Sonderbooks Book Reviews by Sondra Eklund

Sonderbooks Stand-out 2004

I don't review books I don't like!

*****= An all-time favorite
****  = Outstanding
***    = Above average
**      = Enjoyable
*        = Good, with reservations

   cover

****How Can We Keep From Singing

Music and the Passionate Life

by Joan Oliver Goldsmith

Reviewed December 20, 2004.
W. W. Norton & Company, New York, 2001.  223 pages.
Sonderbooks Stand-out 2004, #12, Personal Stories and Reflections

I found this book not long before joining the Rheinland-Pfalz International Choir.  I used to sing in college and found a choir to sing with just before we moved away from Los Angeles.  It’s been such a joy to find a choir to sing with again.

How Can We Keep From Singing is written by a professional singer turned volunteer, who understands the joy of amateurs making music together.  Over twenty million Americans sing publicly in a choir or chorus, and this book meditates on many different aspects of the joy singing brings and how making music is a metaphor for life itself.

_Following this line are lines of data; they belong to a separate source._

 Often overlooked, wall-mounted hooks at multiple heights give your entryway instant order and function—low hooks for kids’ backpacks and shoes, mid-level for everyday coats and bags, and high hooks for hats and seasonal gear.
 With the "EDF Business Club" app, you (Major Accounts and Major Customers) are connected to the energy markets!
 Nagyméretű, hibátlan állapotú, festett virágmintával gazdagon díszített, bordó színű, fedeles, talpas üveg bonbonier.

I read this book slowly, to savor it a little bit at a time.  It was nice to come home from choir and relax over a chapter about singing before going to bed.

Joan Oliver Goldsmith talks about “the invisible instrument we all carry inside—a creative spirit that must be expressed if the soul is not to die a slow, bleak death.

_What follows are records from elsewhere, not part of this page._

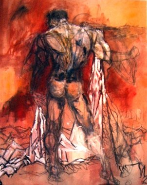 Unfortunately for man with drapes, there were very few viewers. This painting featured in a solo show at the now defunct Pi Bar (a MPLS GLBT night club), then hung on my studio’s wall for awhile. When I went to France, the boyfriend of a friend threw it in a dumpster after they had a fight. A loyal girlfriend of mine drove to the suburbs to rescue the piece, which was returned to me upon my return from France, months later. Man with drapes hung happily on my studio apartment wall for a time, and it was the favorite painting of my then long-distance boyfriend. When we broke up, I was maudlin. I piled all things that reminded me of him into a box, including a tiny plastic christmas tree, and this painting. I had ripped it from its stretcher and rolled up the canvas, shoving all into a box. I was going to send everything to him, but instead the box sat in my closet for over a year. Much later, in a purging mood, I decided to throw out the box. I had forgotten man with drapes was there entombed, and didn’t bother to remove the layers of packing tape securing the carton’s edges. Ultimately, man with drapes met his end in a crappy neighborhood dumpster, and is now lying buried under a trash heap, I presume.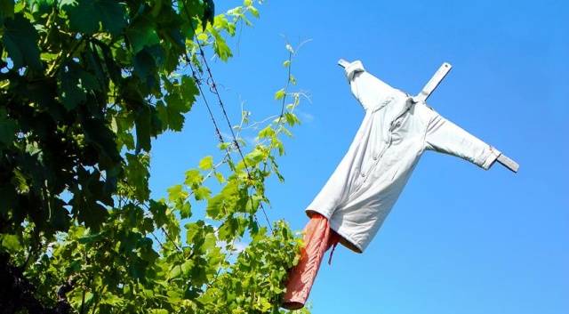 Una antiga manera provada d’espantar els ocells és instal·lar un espantaocells al lloc. Normalment es fabrica amb materials de rebuig de manera que s’assembli a una silueta humana.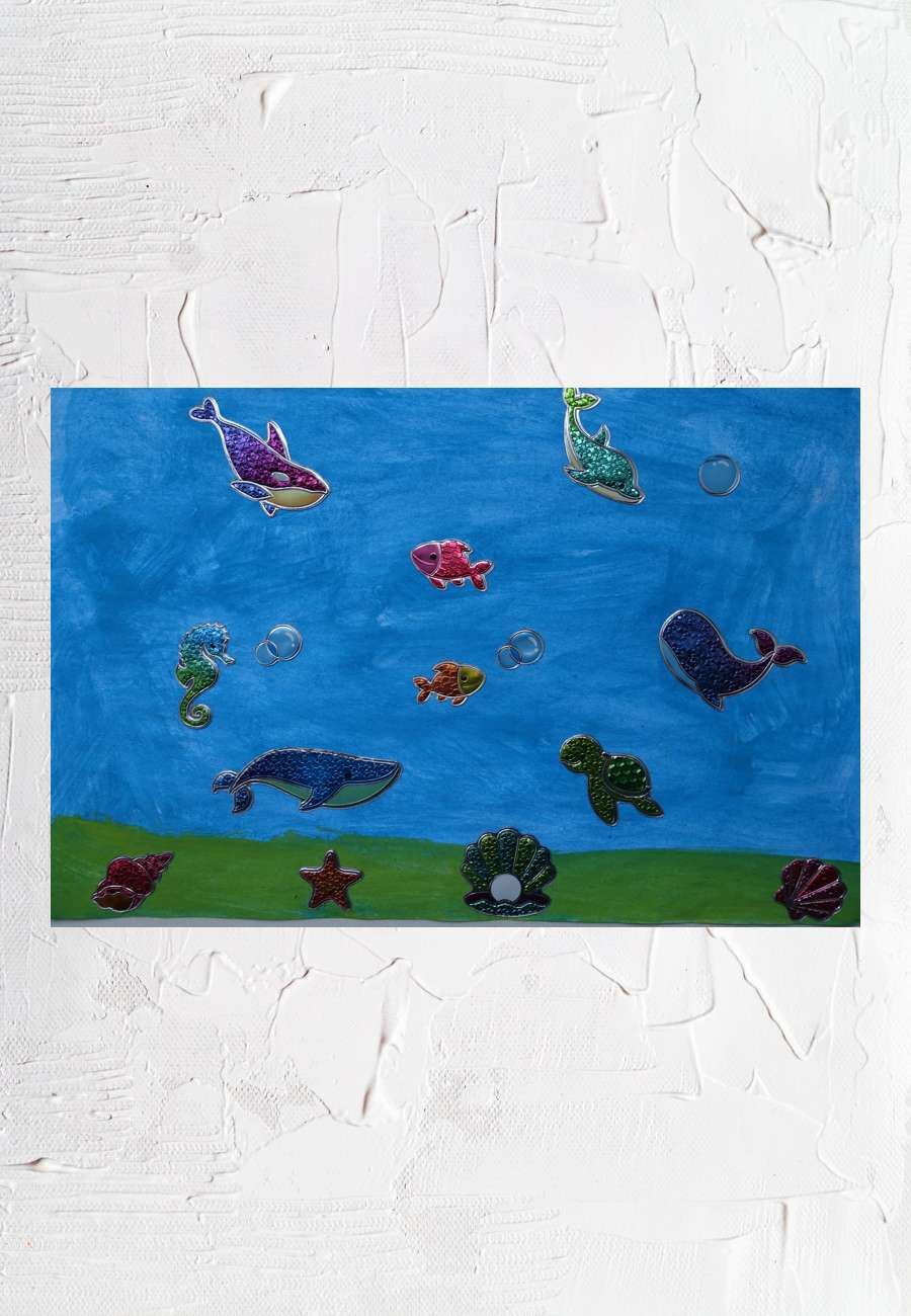 Collage aus Aquarell und metallig glitzernden Stickern, Format DIN A 4, Alter 8 Jahre.

“If you find yourself pulled beyond all practicality toward doing something—writing poetry, building a business, restoring old cars, planting a secret garden; if at four in the morning the right word comes to you, the perfect flower to plant in that particular spot—you are playing your invisible instrument.”

“Then you know again creation’s assignment:  to learn the notes, to find your music.  The invisible instrument is the one instrument we must all learn to play.”

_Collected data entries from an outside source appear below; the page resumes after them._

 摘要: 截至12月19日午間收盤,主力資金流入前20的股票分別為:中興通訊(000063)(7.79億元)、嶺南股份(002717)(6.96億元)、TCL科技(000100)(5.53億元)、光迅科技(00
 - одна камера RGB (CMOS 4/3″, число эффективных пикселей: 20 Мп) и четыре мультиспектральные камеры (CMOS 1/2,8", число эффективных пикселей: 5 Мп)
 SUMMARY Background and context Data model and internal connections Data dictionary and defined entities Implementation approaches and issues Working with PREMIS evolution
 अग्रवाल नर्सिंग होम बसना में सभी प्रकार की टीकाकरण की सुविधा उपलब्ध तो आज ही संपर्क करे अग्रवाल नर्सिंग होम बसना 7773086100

I like the chapter where she learned that she needed to switch to singing alto, and also learned about doing activities that are right for her.  “I’ve learned that singing is part of my life’s tessitura.  If I ignore it, a certain spiritual crankiness sets in, like the restlessness my body feels if I neglect to exercise it.”  That’s what I learned about reading when I stopped reading for pleasure in college because I didn’t have time.  I couldn’t keep that up for long.  Now I’m finding how much happier I am with some singing in my life.

“So much of what we perceive as failure is really just being in the wrong tessitura, struggling for the notes we ‘ought’ to be able to sing, or stubbornly holding on to a way of life that no longer fits.”

Another good chapter is about wrong notes.  “In this life we make the best mistakes we know how to make.  Then, with any luck, we go out and make new ones.  I don’t make mistakes when I watch TV or take a walk.  These activities are pleasant, restful.  But I could not make a life of them.  After all, the easiest way to avoid wrong notes is to never open your mouth and sing.  What a mistake that would be.”

Here are some musings to smile over and make you think about the music of your own life.